In 2011, Stephanie Singer broke fundraising records to unseat a 36-year incumbent and help clean up Philadelphia’s elections. Now, she’s using technology to take that mission nationwide.

A technologist, “amateur hacker,” and Stanford computer science alum with a mathematics Ph.D., Stephanie Singer entered politics because she saw a problem in her city that she was in a unique position to help solve. In 2011, one of the three City Commissioner seats on Philadelphia’s board of elections was occupied by Marge Tartaglione, a Democrat who in her 36-year tenure had racked up startling allegations of corruption—including the deployment of broken voting machines, absentee ballot fraud, and conflict of interest (for good measure).

Though this was her first time campaigning for public office, Singer’s sense of purpose provided a firm foundation for her platform. “I was running because I had a mission of free, fair elections and an informed, engaged electorate and I kept bumping up against this office,” she says. “It became clear that the best way to move my mission forward was to actually be in that office. So, that really set up the campaign rhetorically and emotionally.” 
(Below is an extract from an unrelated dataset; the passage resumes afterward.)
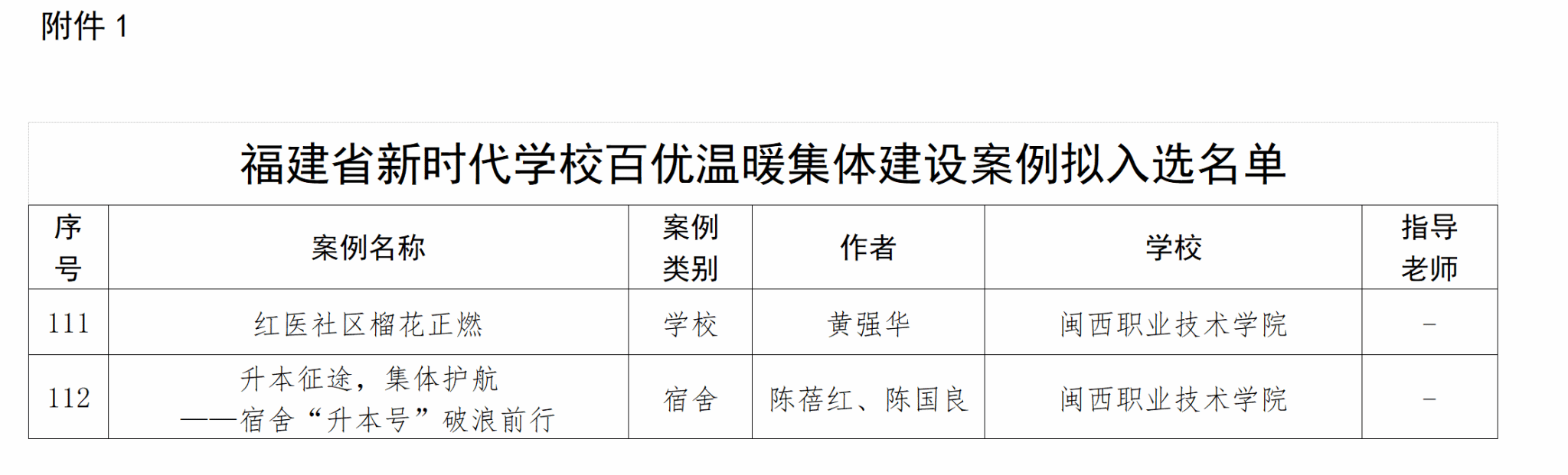 近日,福建省教育厅发布了《关于福建省新时代学校百优温暖集体建设案例拟入选名单的公示》。我校选送的《红医社区榴花正燃》(作者:黄强华)和《升本征途,集体护航——宿舍“升本号”破浪前行》(作者:陈蓓红、陈国良)两篇案例成功入选,充分展示了我校在班集体建设工作中的突出成果和有效实践。

Being a challenger candidate came with challenges of its own, and the first was getting access to the technology she needed to run. As a Democrat in a primary against the incumbent, she wouldn’t have had access to the party’s preferred digital tools on principle. On top of that, local party leadership hadn’t opted to gain access to those tools for even well-established candidates. For Singer, the choice to use NationBuilder was easy. “I used [it] out of the gate because it fit with my own vision of technology for democracy... I was so relieved when NationBuilder came along because it was clearly a professional product doing what I had envisioned. It was just a great, great fit.” 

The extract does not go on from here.